BEGIN
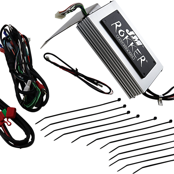 Caracteristicas: Application-specific amplifier kit Plug-n-play RCA input harnesses included take the 2-channels of audio signal available from the source and provide 4 separate channels at 800 watts 2 or 4-ohm speaker load (Manually selectable on the amplifier itself for a 2-ohm or 4-ohm speaker load) Full range class D digital amplifier properly shielded against RF interference into the AM or FM stereo radio bands Advanced digital switching power supply technology to dramatically reduce the 12v current demands on the motorcycle electrical system Amplifier mounts to the custom made stainless steel 2-piece bracket system, to provide solid and secure mounting & blocking amplifier heat from being transferred to the radio Fully programmable thru the internal digital signal processor (DSP) and comes out of the box already dialed in for your specific application to provide maximum highway performance from your factory audio system Also included: custom made heavy-gauge power and ground wires used for the fused battery & frame connections, all necessary mounting hardware, complete installation/operation instructions
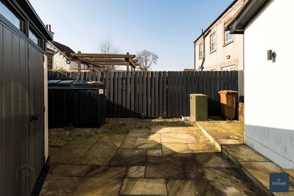 REAR GARDEN Low maintenance fully enclosed rear garden. Gated access to passage leading to front. Majority of garden laid in stone paved patio. Decorative stone area. Oil fired burner and oil tank. Outside tap and lighting.
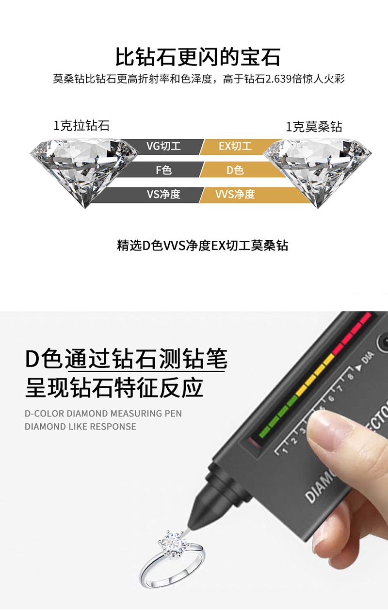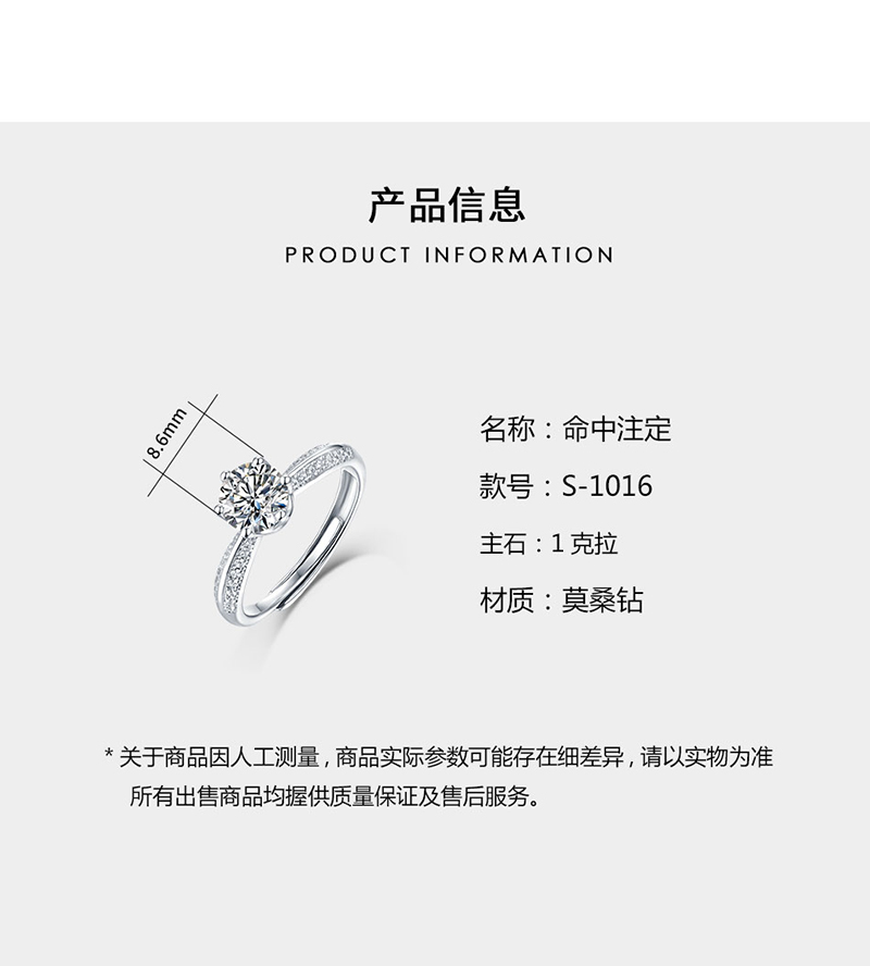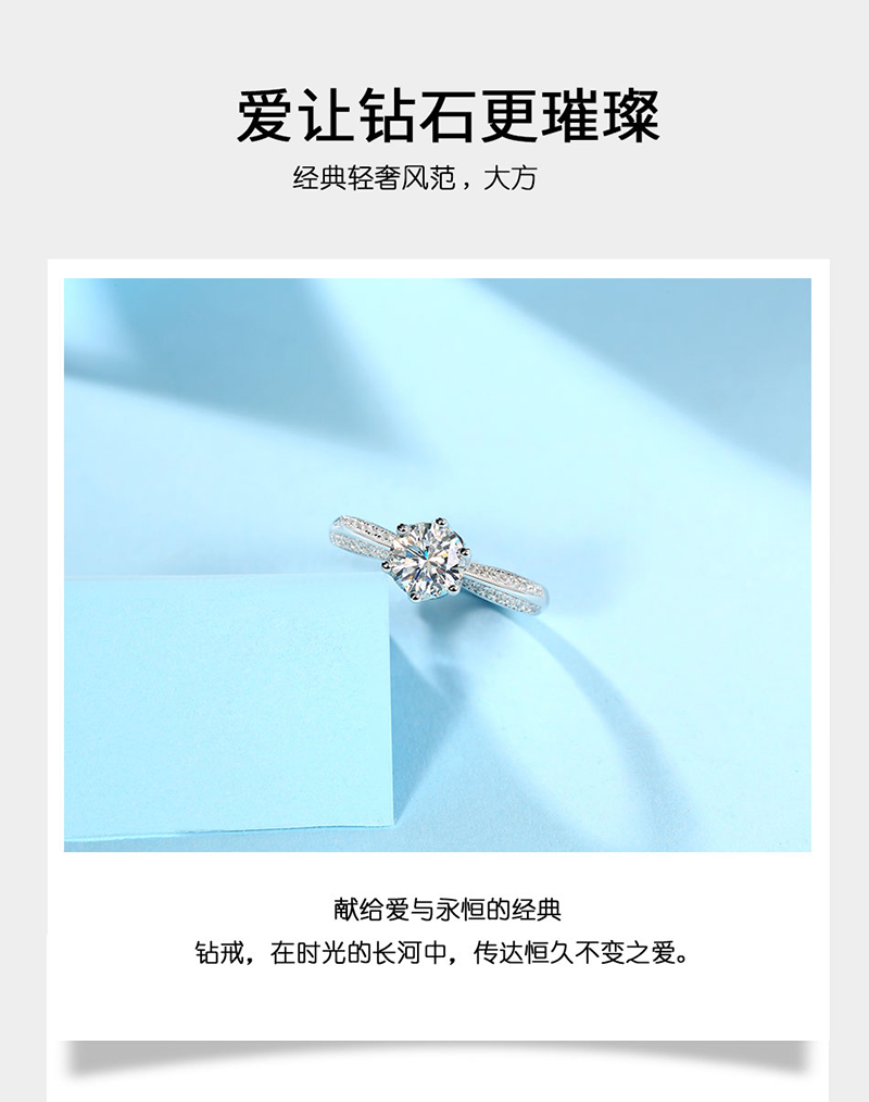 【玖钻】经典莫桑钻 半壁江山戒指1克拉 FX-A-1970-240220
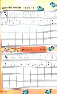 In maths counting 1 to 30 and writing pattern of digit 13 and 14 has been done.
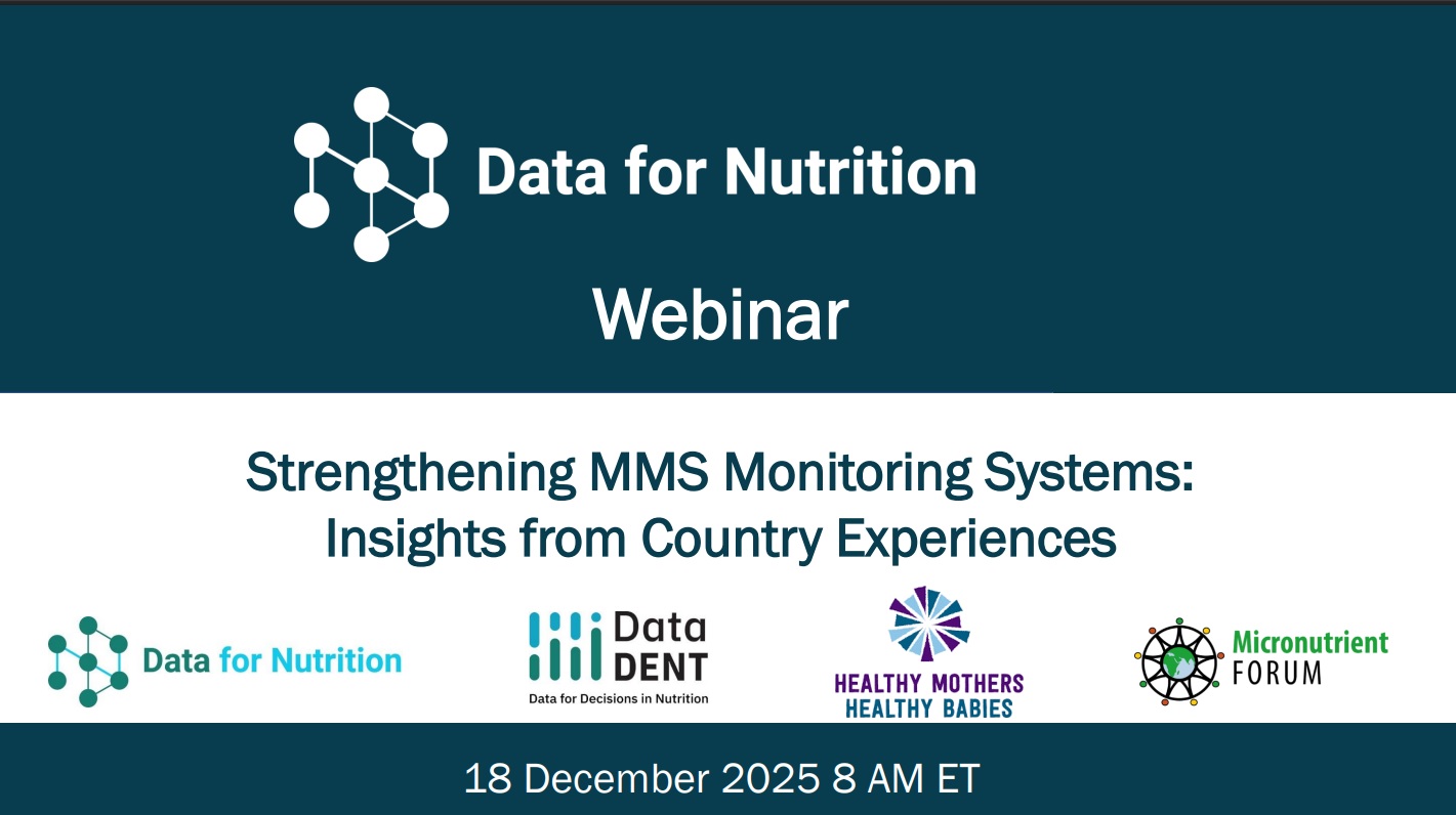 Description: In this webinar, participants heard about country and global perspectives on integrating Multiple Micronutrient Supplementation (MMS) indicators into national health information systems. Participants gained actionable insights from real-world experiences, understand emerging priorities in MMS monitoring, and learn strategies for strengthening measurement systems to support program scale-up and impact.
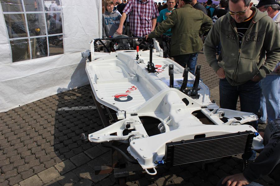 Chassis MBT que j'ai hyper détaillé en photos. Il faudrait que j'ouvre un post. Apparemment, triangles Renault Megane/Clio, mais les fixations nous ont parues un peu légères...
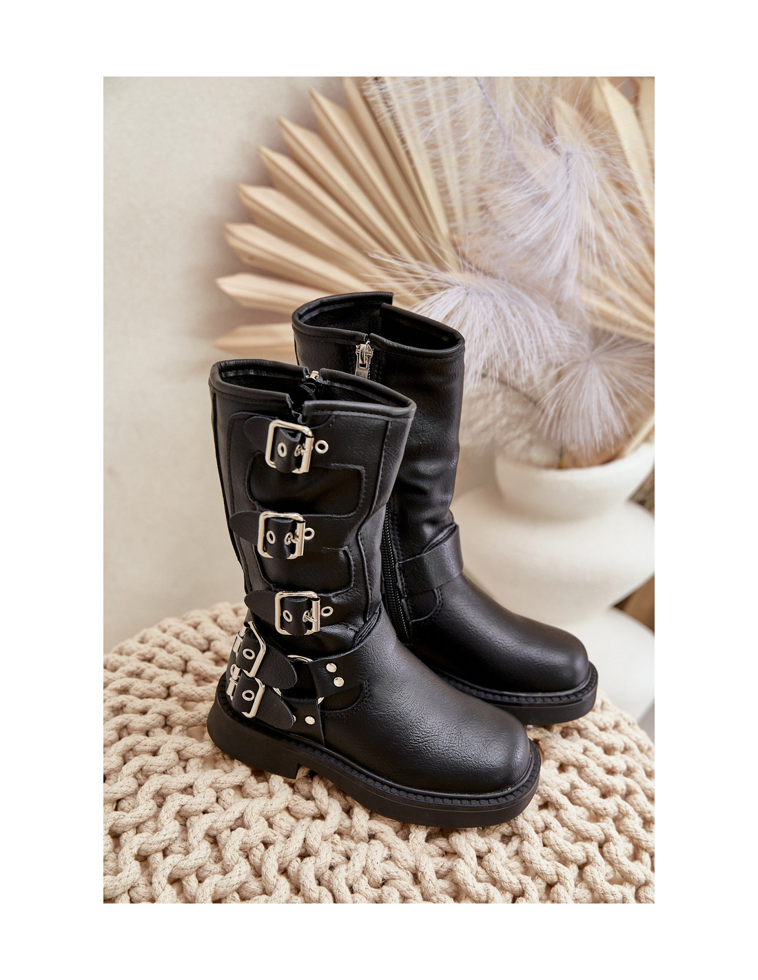 Stilingi mergaitiški batai iš eko odos – puikus pasirinkimas šaltesnėms dienoms. Modelis išsiskiria plačiais, užapvalintais pirštais, užtikrinančiais komfortą dėvint. Pagrindinė puošmena – viršutinė dalis su dekoratyvinėmis sagtimis, suteikiančia visumai unikalumo. Batai užsegami užtrauktuku, todėl juos lengva apsiauti ir greitai prisitaikyti. Puikiai tinka madingiems vaikų stiliams papildyti! Renkantis dydį, vadovaukitės dydžių lentele.
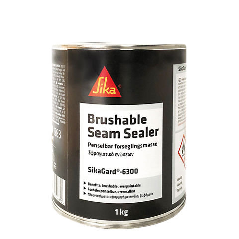 Forsegling af sammensvejsninger – påføres med pensel.SikaGard-6300 er en forseglingsmasse til påføring med pensel, der gør det muligt for bilværksteder at genskabe de originale penselstrøg. Anvendes hovedsageligt på sammensvejsninger, støddæmperophæng, bund- og skilleplader etc. Tørrer hurtigt, efterlader synlige penselstrøg og har god vedhæftning på forskellige metaller. Der skal foretages afprøvning på det aktuelle materiale inden brug. Dette produkt bør kun anvendes af professionelle, erfarne brugere.
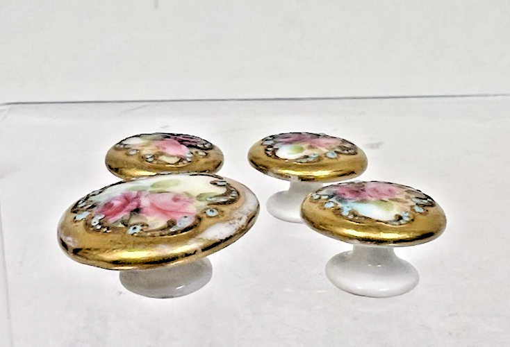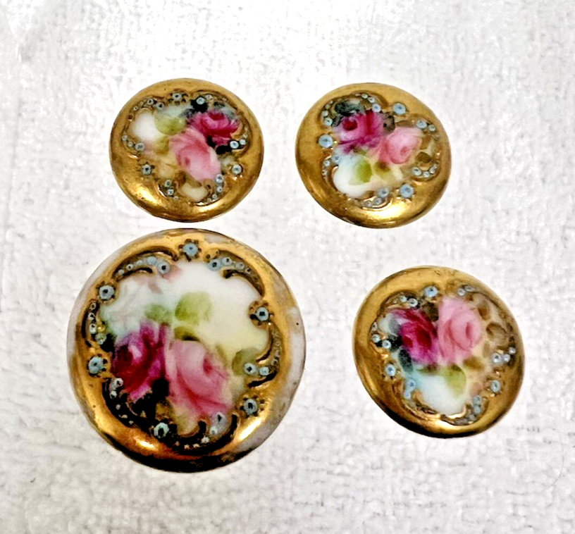 4 Antique Victorian Raised Relief Hand Painted Floral Porcelain Stud Buttons. 3 small round gold border accent flower floral porcelain stud buttons, measure approx. 5 /8" wide and 3/8" tall, no damage, gold raised relief and border accent in very good condition. 1 large round stud button measures approx. 7/8" wide and 3/8" tall, some wear to gold coloring, no damage. See pictures.
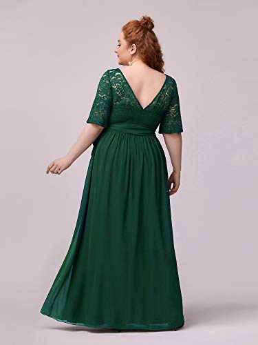 Ever-Pretty Vestito da Cerimonia Rotondo Mezza Manica Stile Impero Linea ad A Chiffon Pizzo Taglia Grossa per Donne Lungo Abito da Damigella 07624
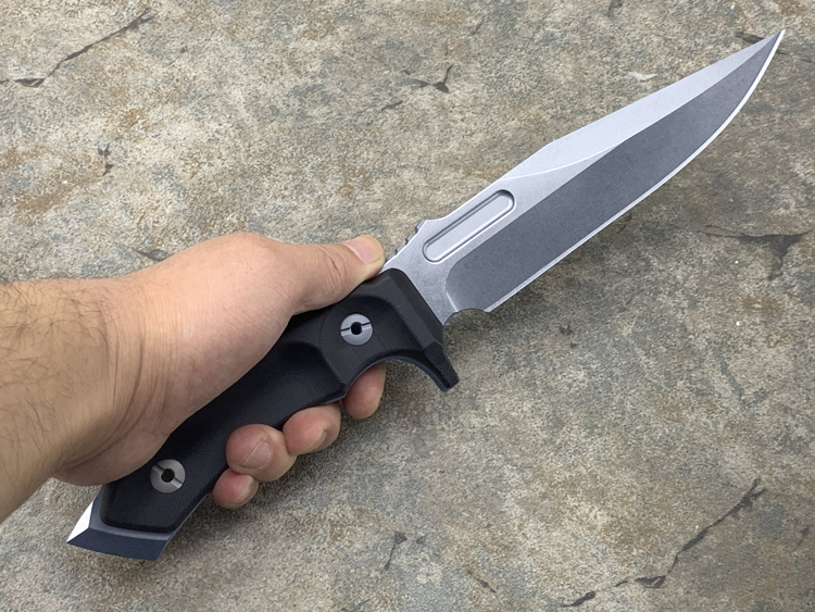 坚固的 17.4 厘米长和 6 毫米厚的 Bowie 刀片适用于广泛的应用。对于高切削耐用性和刀片耐用性,选择了著名的D2工具钢。石洗表面创造了一个防刮刃面,也增加了刀片的耐腐蚀性。坚固的全龙骨结构配以黑色 G-10。精致的 3D 铣削表面为 Tactical 8 提供了出色且安全的握持感。护手前明显且圆润的手指凹槽可以让手指向前以进行强力或精细的工作。手柄末端的隐藏孔提供了安装挂绳的选项。
END
Work instruction: The entire listing is to be printed exactly, with each picture omitted.

Response:
 Caracteristicas: Application-specific amplifier kit Plug-n-play RCA input harnesses included take the 2-channels of audio signal available from the source and provide 4 separate channels at 800 watts 2 or 4-ohm speaker load (Manually selectable on the amplifier itself for a 2-ohm or 4-ohm speaker load) Full range class D digital amplifier properly shielded against RF interference into the AM or FM stereo radio bands Advanced digital switching power supply technology to dramatically reduce the 12v current demands on the motorcycle electrical system Amplifier mounts to the custom made stainless steel 2-piece bracket system, to provide solid and secure mounting & blocking amplifier heat from being transferred to the radio Fully programmable thru the internal digital signal processor (DSP) and comes out of the box already dialed in for your specific application to provide maximum highway performance from your factory audio system Also included: custom made heavy-gauge power and ground wires used for the fused battery & frame connections, all necessary mounting hardware, complete installation/operation instructions
 REAR GARDEN Low maintenance fully enclosed rear garden. Gated access to passage leading to front. Majority of garden laid in stone paved patio. Decorative stone area. Oil fired burner and oil tank. Outside tap and lighting.
 【玖钻】经典莫桑钻 半壁江山戒指1克拉 FX-A-1970-240220
 In maths counting 1 to 30 and writing pattern of digit 13 and 14 has been done.
 Description: In this webinar, participants heard about country and global perspectives on integrating Multiple Micronutrient Supplementation (MMS) indicators into national health information systems. Participants gained actionable insights from real-world experiences, understand emerging priorities in MMS monitoring, and learn strategies for strengthening measurement systems to support program scale-up and impact.
 Chassis MBT que j'ai hyper détaillé en photos. Il faudrait que j'ouvre un post. Apparemment, triangles Renault Megane/Clio, mais les fixations nous ont parues un peu légères...
 Stilingi mergaitiški batai iš eko odos – puikus pasirinkimas šaltesnėms dienoms. Modelis išsiskiria plačiais, užapvalintais pirštais, užtikrinančiais komfortą dėvint. Pagrindinė puošmena – viršutinė dalis su dekoratyvinėmis sagtimis, suteikiančia visumai unikalumo. Batai užsegami užtrauktuku, todėl juos lengva apsiauti ir greitai prisitaikyti. Puikiai tinka madingiems vaikų stiliams papildyti! Renkantis dydį, vadovaukitės dydžių lentele.
 Forsegling af sammensvejsninger – påføres med pensel.SikaGard-6300 er en forseglingsmasse til påføring med pensel, der gør det muligt for bilværksteder at genskabe de originale penselstrøg. Anvendes hovedsageligt på sammensvejsninger, støddæmperophæng, bund- og skilleplader etc. Tørrer hurtigt, efterlader synlige penselstrøg og har god vedhæftning på forskellige metaller. Der skal foretages afprøvning på det aktuelle materiale inden brug. Dette produkt bør kun anvendes af professionelle, erfarne brugere.
 4 Antique Victorian Raised Relief Hand Painted Floral Porcelain Stud Buttons. 3 small round gold border accent flower floral porcelain stud buttons, measure approx. 5 /8" wide and 3/8" tall, no damage, gold raised relief and border accent in very good condition. 1 large round stud button measures approx. 7/8" wide and 3/8" tall, some wear to gold coloring, no damage. See pictures.
 Ever-Pretty Vestito da Cerimonia Rotondo Mezza Manica Stile Impero Linea ad A Chiffon Pizzo Taglia Grossa per Donne Lungo Abito da Damigella 07624
 坚固的 17.4 厘米长和 6 毫米厚的 Bowie 刀片适用于广泛的应用。对于高切削耐用性和刀片耐用性,选择了著名的D2工具钢。石洗表面创造了一个防刮刃面,也增加了刀片的耐腐蚀性。坚固的全龙骨结构配以黑色 G-10。精致的 3D 铣削表面为 Tactical 8 提供了出色且安全的握持感。护手前明显且圆润的手指凹槽可以让手指向前以进行强力或精细的工作。手柄末端的隐藏孔提供了安装挂绳的选项。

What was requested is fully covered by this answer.